### Work instruction
Your answer must be the exact lines of the listing below that run from the line with "소년과 소녀 여름 만화" to the line with "Ведерко для льда", ends included, and no pictures.

+++

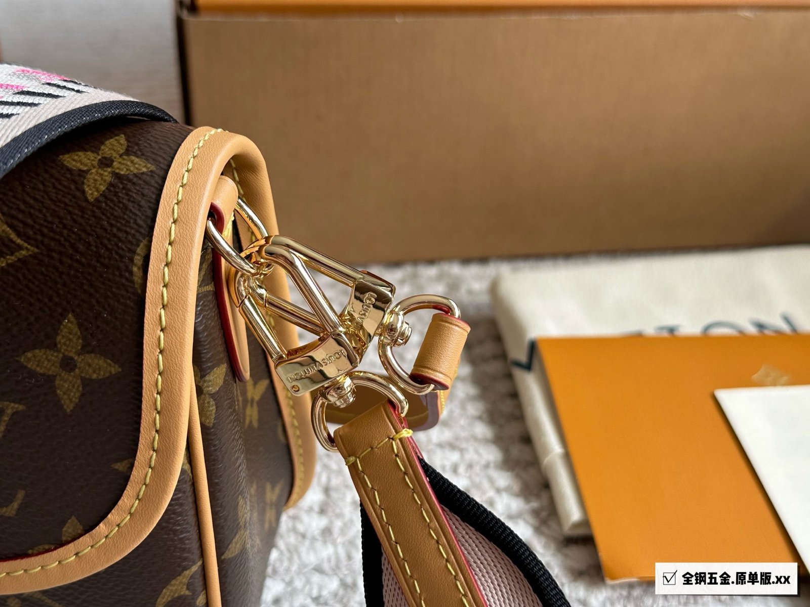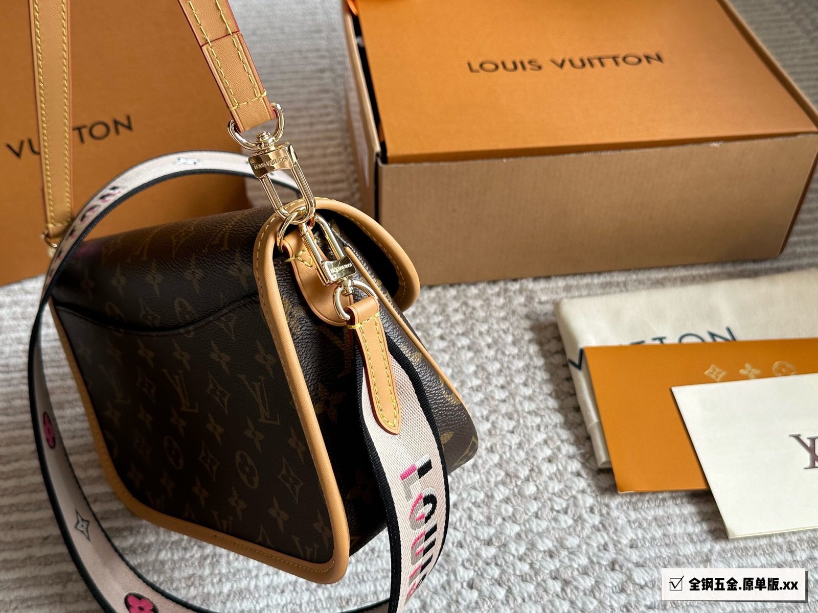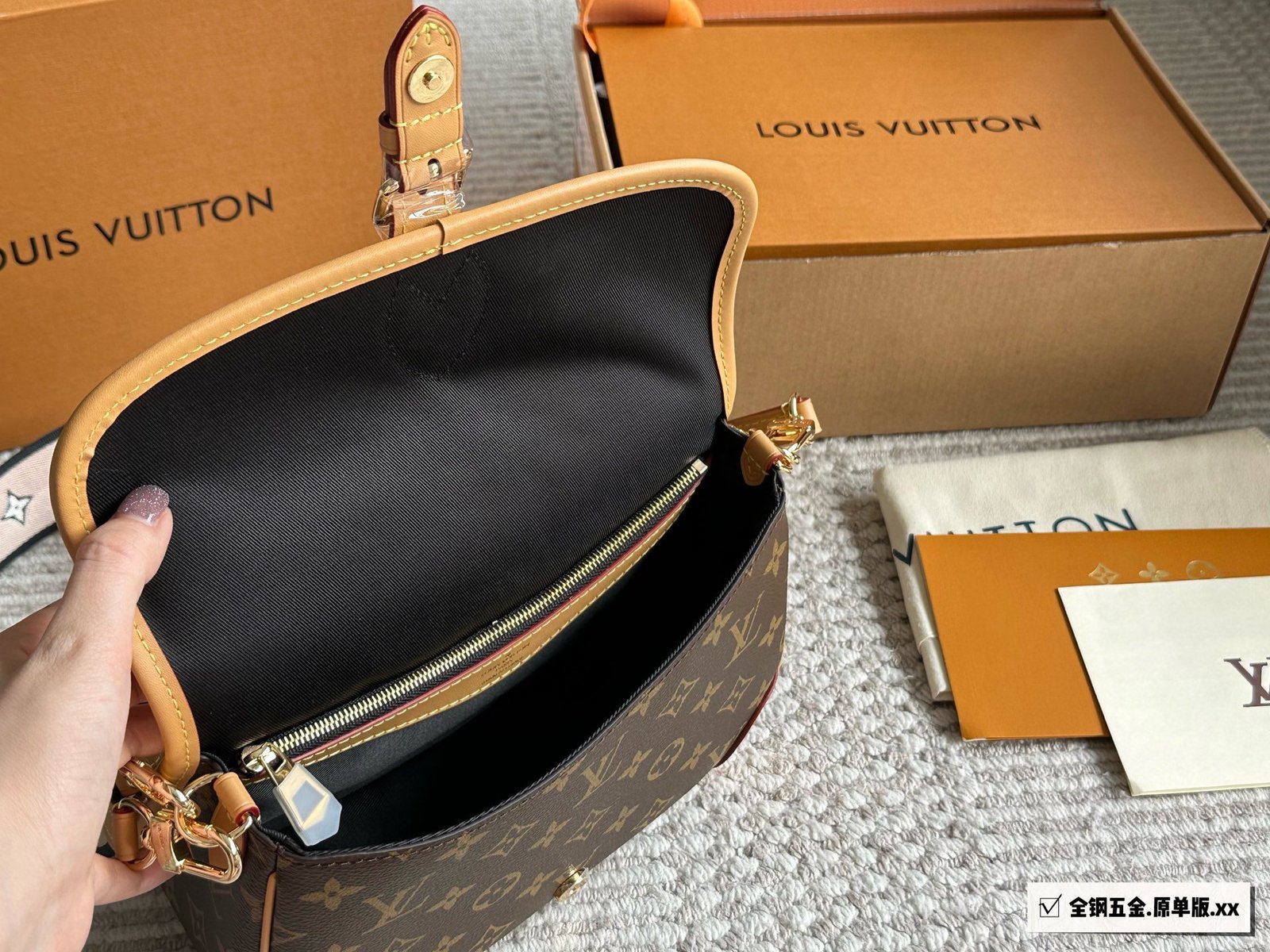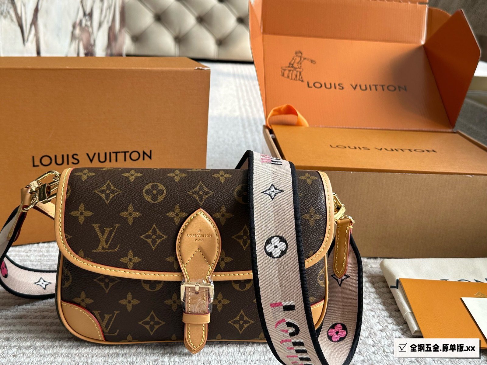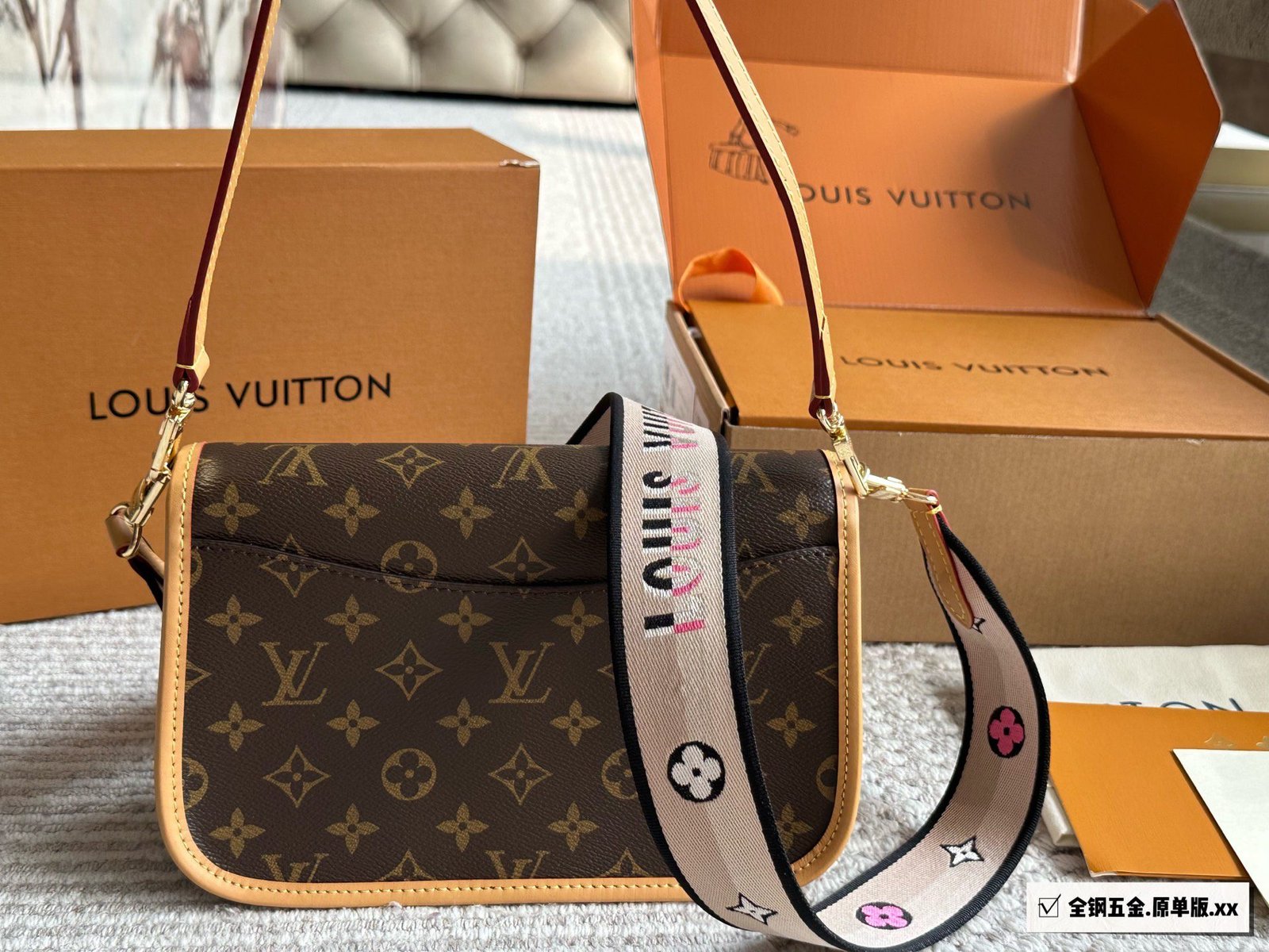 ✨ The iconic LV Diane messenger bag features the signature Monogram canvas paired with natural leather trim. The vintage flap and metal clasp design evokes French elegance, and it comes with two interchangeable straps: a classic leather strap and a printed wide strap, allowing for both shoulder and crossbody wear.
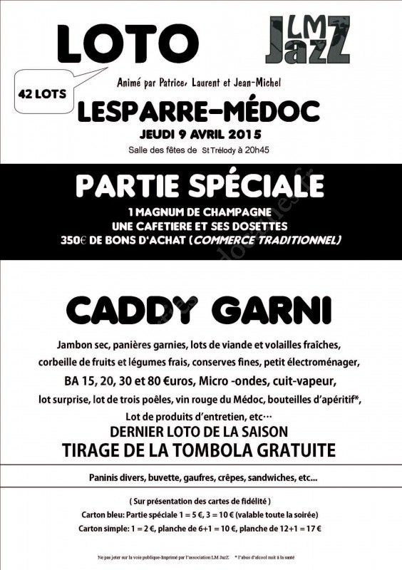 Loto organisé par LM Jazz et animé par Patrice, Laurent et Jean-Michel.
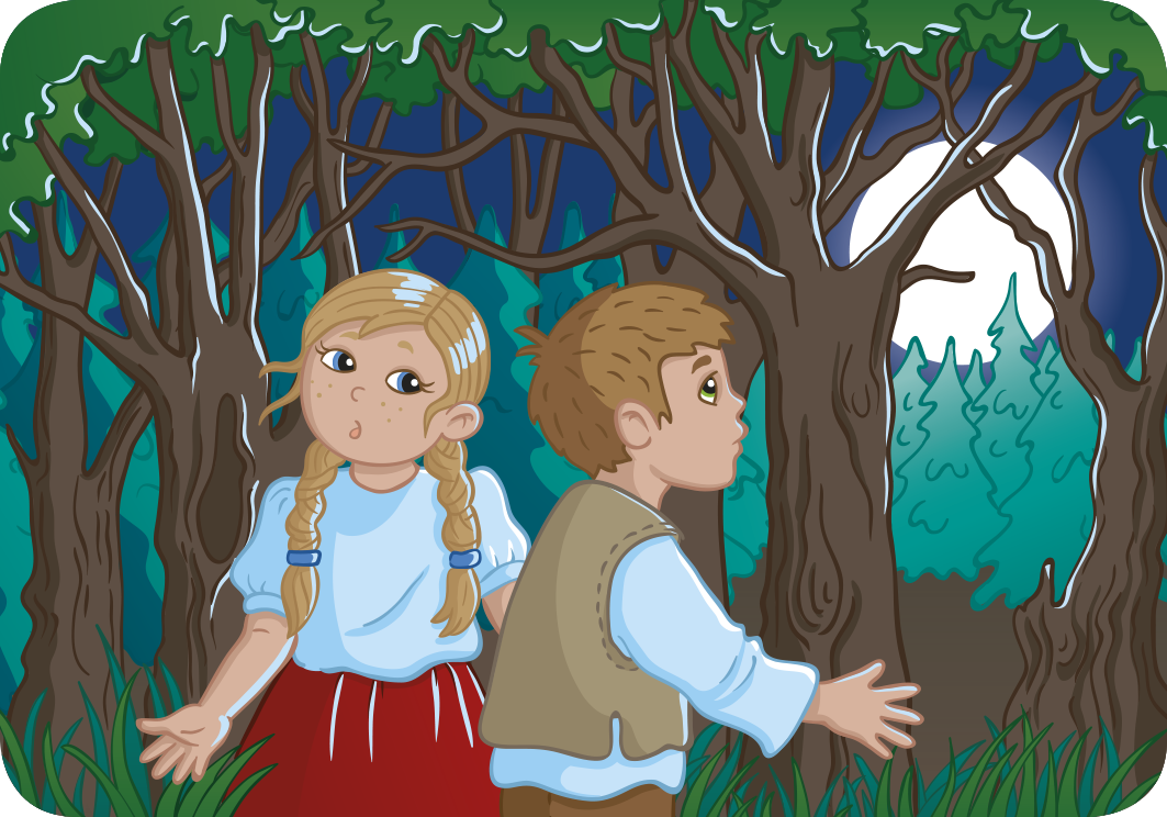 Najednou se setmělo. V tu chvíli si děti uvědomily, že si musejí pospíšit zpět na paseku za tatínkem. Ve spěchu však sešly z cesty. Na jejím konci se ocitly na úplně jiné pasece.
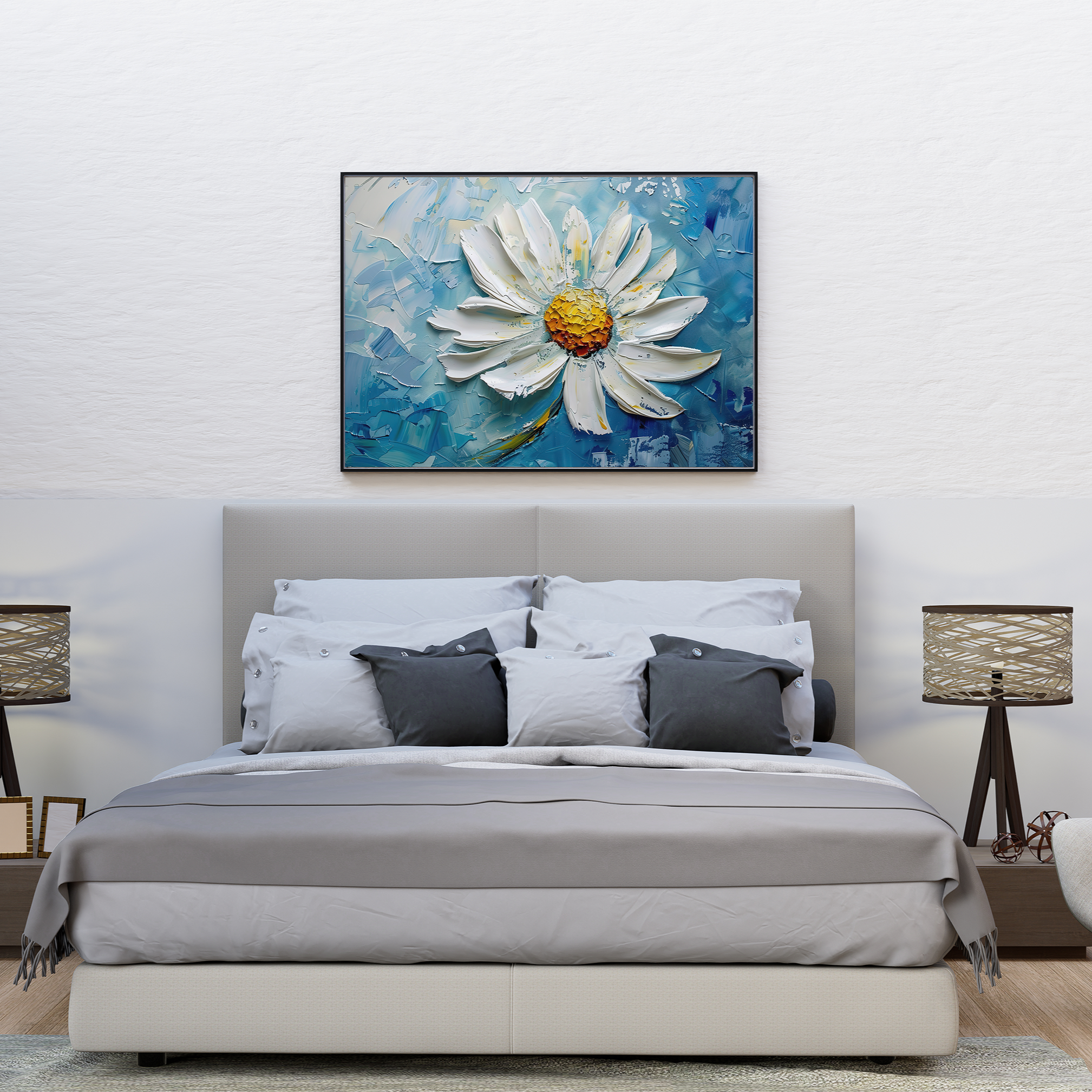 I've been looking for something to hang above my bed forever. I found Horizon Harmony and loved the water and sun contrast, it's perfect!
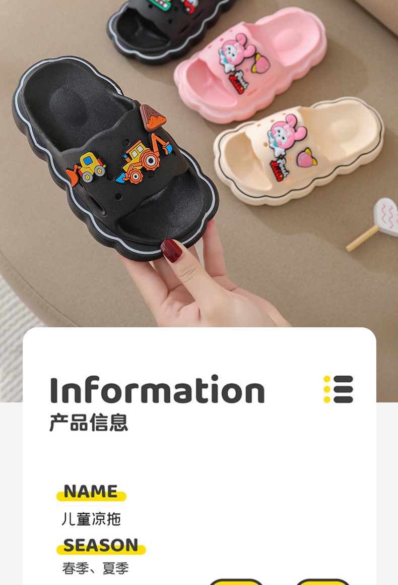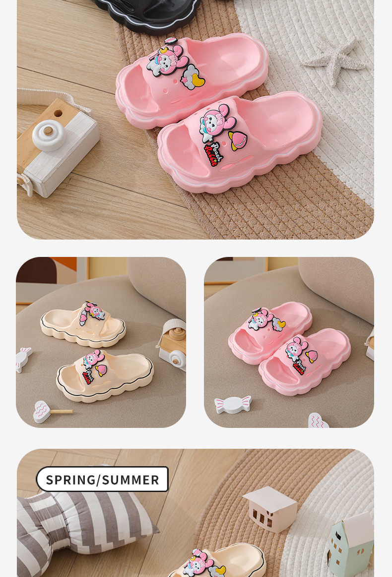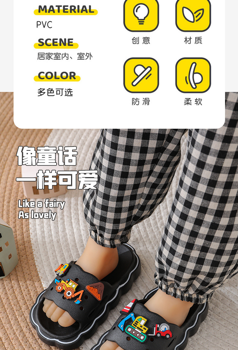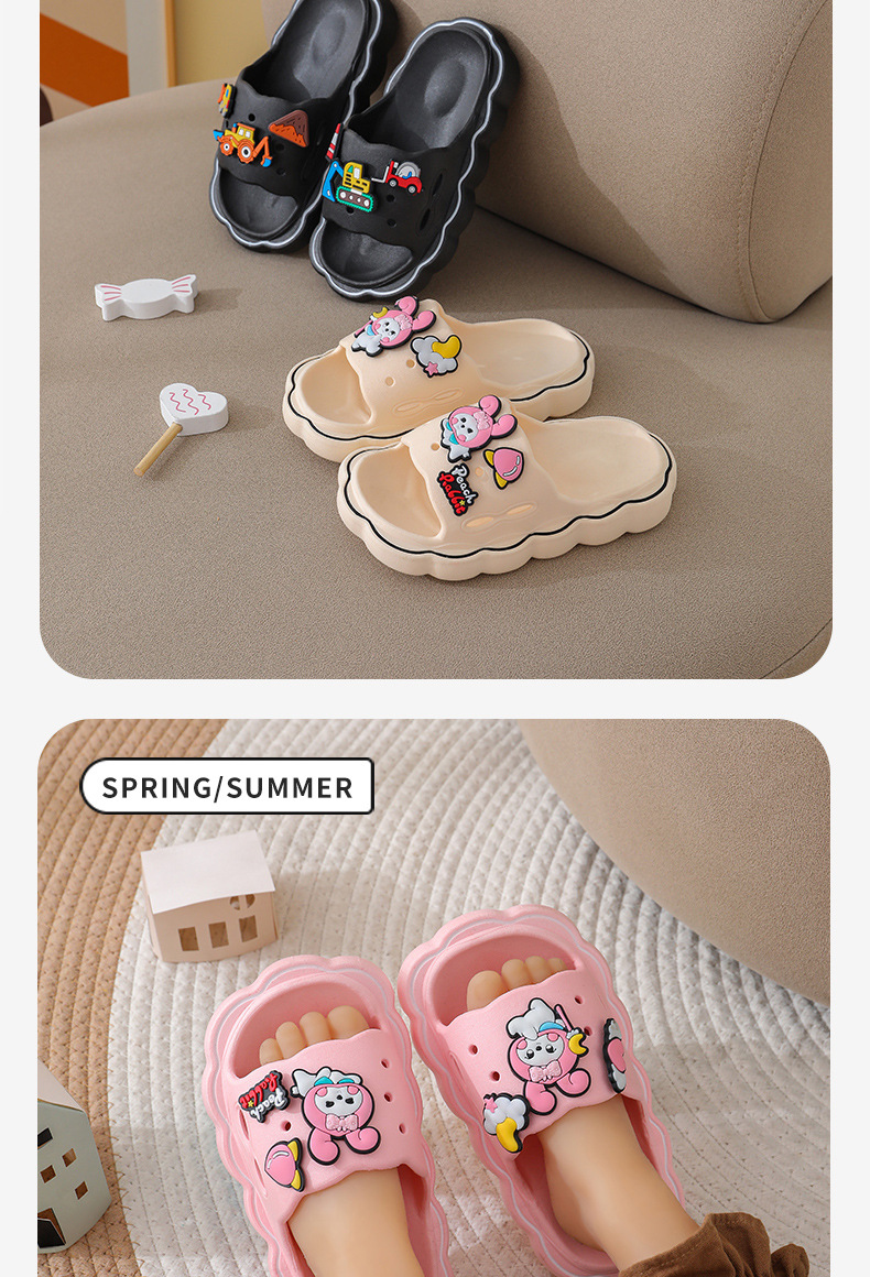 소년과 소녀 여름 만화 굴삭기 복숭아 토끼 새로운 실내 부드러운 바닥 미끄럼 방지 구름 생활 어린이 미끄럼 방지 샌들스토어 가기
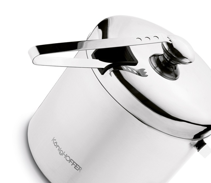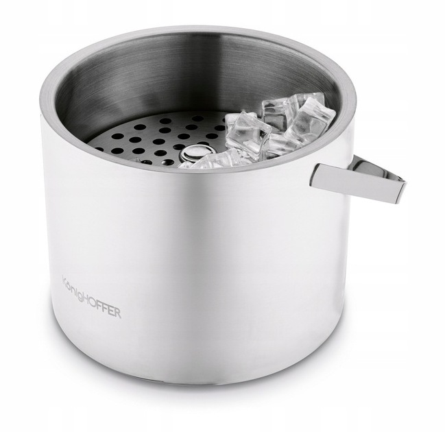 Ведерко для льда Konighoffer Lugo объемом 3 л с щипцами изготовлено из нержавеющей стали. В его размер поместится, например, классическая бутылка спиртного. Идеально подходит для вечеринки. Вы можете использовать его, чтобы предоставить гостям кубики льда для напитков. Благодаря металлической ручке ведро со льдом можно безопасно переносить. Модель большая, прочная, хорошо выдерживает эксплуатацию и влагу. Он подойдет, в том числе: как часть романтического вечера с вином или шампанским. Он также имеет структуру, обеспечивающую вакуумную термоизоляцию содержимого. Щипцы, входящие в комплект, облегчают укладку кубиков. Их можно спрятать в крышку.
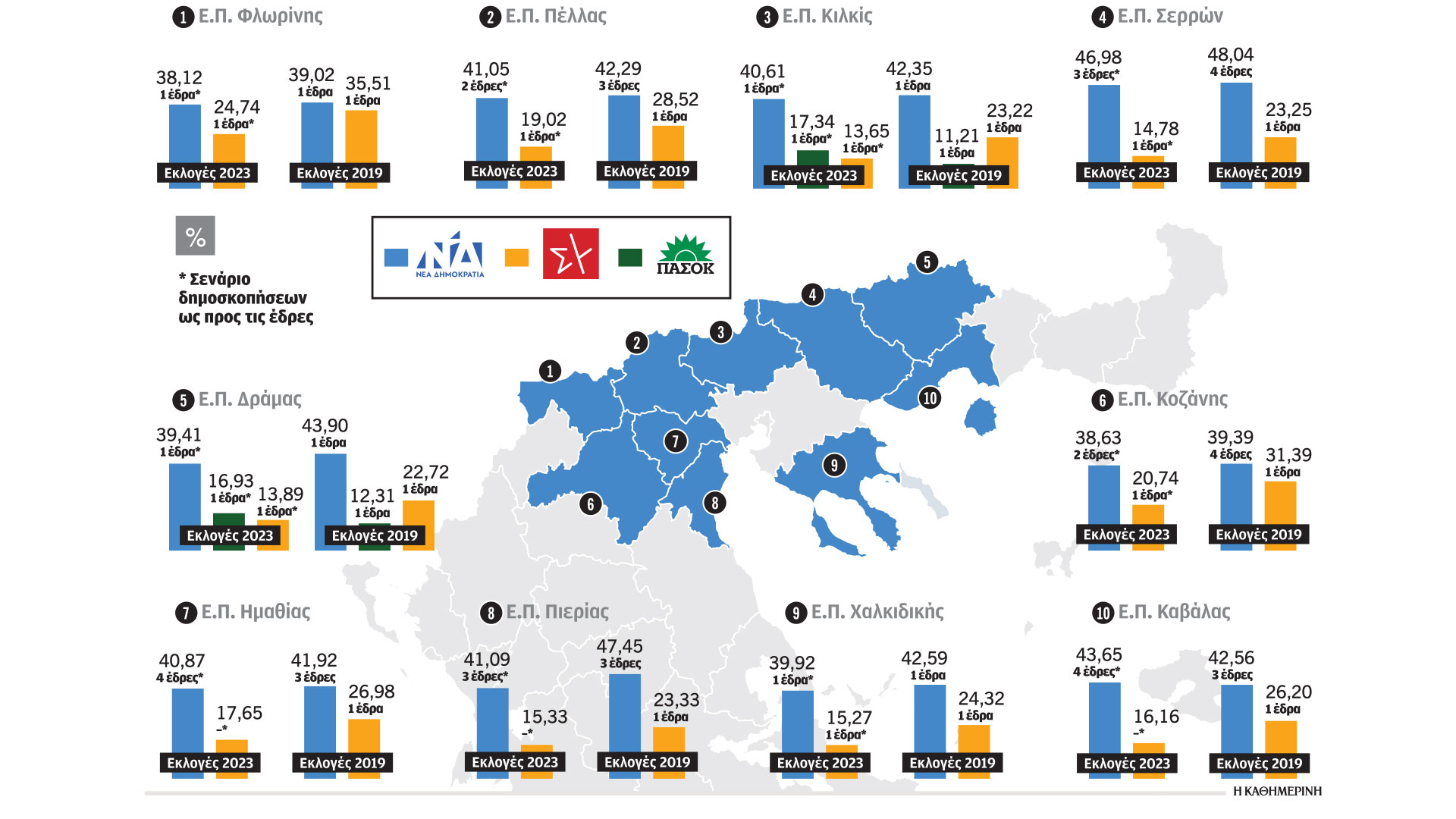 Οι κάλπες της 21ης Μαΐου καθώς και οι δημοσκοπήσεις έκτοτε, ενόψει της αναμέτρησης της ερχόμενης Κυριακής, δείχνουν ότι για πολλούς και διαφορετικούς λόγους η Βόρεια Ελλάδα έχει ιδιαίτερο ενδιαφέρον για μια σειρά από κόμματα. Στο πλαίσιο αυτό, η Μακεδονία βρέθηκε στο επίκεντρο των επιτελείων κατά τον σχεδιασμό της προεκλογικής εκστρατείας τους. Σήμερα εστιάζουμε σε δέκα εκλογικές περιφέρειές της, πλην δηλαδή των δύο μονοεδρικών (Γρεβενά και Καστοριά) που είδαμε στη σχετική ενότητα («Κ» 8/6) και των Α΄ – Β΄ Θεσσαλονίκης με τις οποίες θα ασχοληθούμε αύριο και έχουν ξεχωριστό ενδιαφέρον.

+++

### Solution for this exercise
 소년과 소녀 여름 만화 굴삭기 복숭아 토끼 새로운 실내 부드러운 바닥 미끄럼 방지 구름 생활 어린이 미끄럼 방지 샌들스토어 가기
 Ведерко для льда Konighoffer Lugo объемом 3 л с щипцами изготовлено из нержавеющей стали. В его размер поместится, например, классическая бутылка спиртного. Идеально подходит для вечеринки. Вы можете использовать его, чтобы предоставить гостям кубики льда для напитков. Благодаря металлической ручке ведро со льдом можно безопасно переносить. Модель большая, прочная, хорошо выдерживает эксплуатацию и влагу. Он подойдет, в том числе: как часть романтического вечера с вином или шампанским. Он также имеет структуру, обеспечивающую вакуумную термоизоляцию содержимого. Щипцы, входящие в комплект, облегчают укладку кубиков. Их можно спрятать в крышку.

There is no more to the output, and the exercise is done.